DATASET:

===============

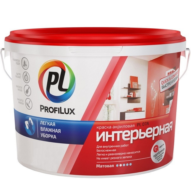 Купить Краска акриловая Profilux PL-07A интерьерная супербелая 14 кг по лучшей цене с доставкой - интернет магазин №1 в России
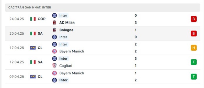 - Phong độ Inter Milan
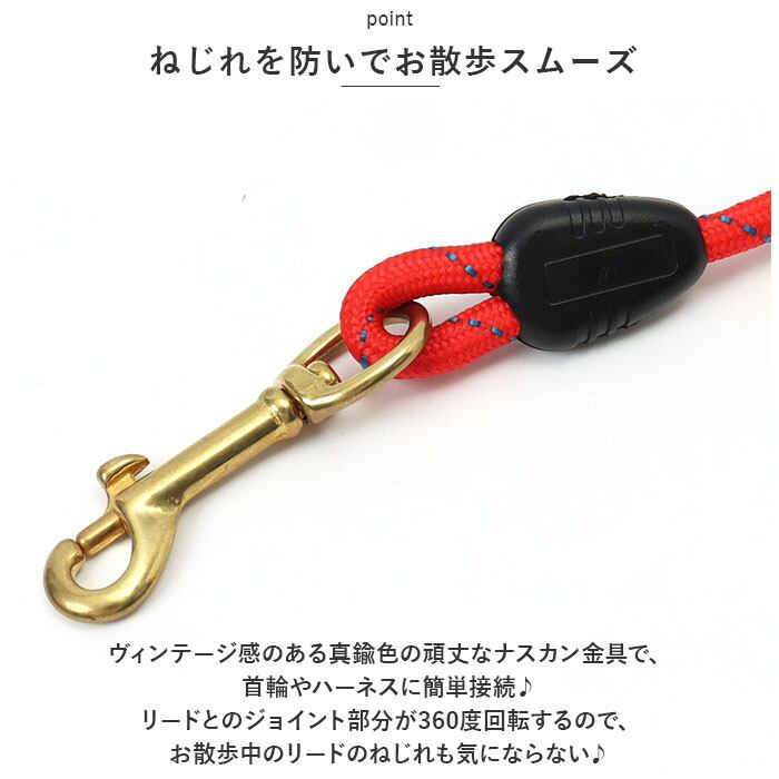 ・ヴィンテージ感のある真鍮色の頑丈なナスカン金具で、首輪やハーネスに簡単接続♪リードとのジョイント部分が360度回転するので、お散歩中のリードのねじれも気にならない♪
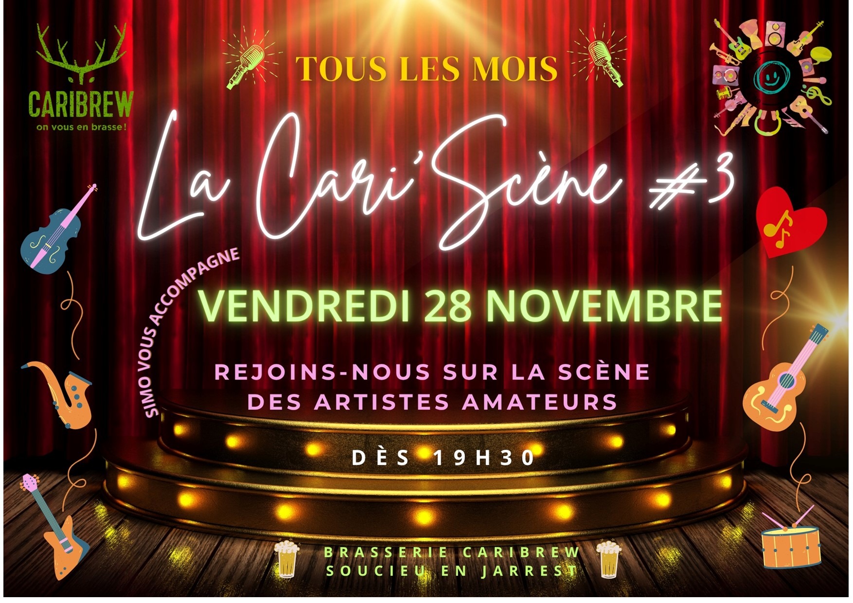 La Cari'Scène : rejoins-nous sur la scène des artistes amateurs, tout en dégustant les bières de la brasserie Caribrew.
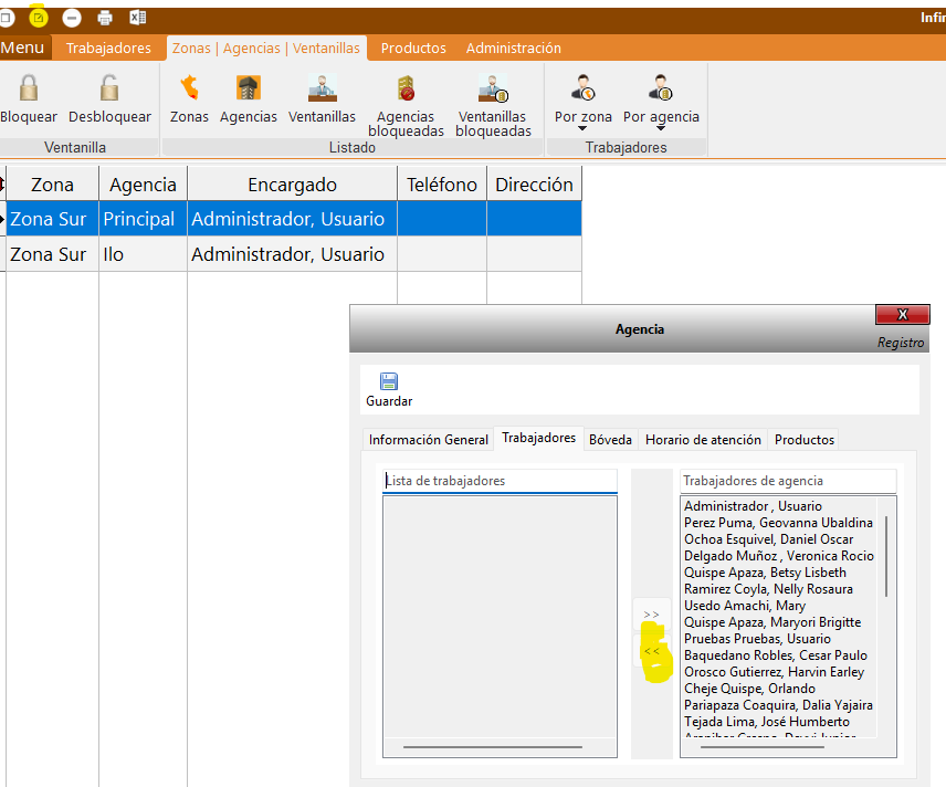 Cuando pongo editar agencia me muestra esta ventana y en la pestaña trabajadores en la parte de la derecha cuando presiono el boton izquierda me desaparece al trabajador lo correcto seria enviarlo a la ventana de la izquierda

===============

EXERCISE OBJECTIVE:
The finished answer is an exact repetition of the listing, with every picture removed.

OUTPUT FOR THIS EXERCISE:
 Купить Краска акриловая Profilux PL-07A интерьерная супербелая 14 кг по лучшей цене с доставкой - интернет магазин №1 в России
 - Phong độ Inter Milan
 ・ヴィンテージ感のある真鍮色の頑丈なナスカン金具で、首輪やハーネスに簡単接続♪リードとのジョイント部分が360度回転するので、お散歩中のリードのねじれも気にならない♪
 La Cari'Scène : rejoins-nous sur la scène des artistes amateurs, tout en dégustant les bières de la brasserie Caribrew.
 Cuando pongo editar agencia me muestra esta ventana y en la pestaña trabajadores en la parte de la derecha cuando presiono el boton izquierda me desaparece al trabajador lo correcto seria enviarlo a la ventana de la izquierda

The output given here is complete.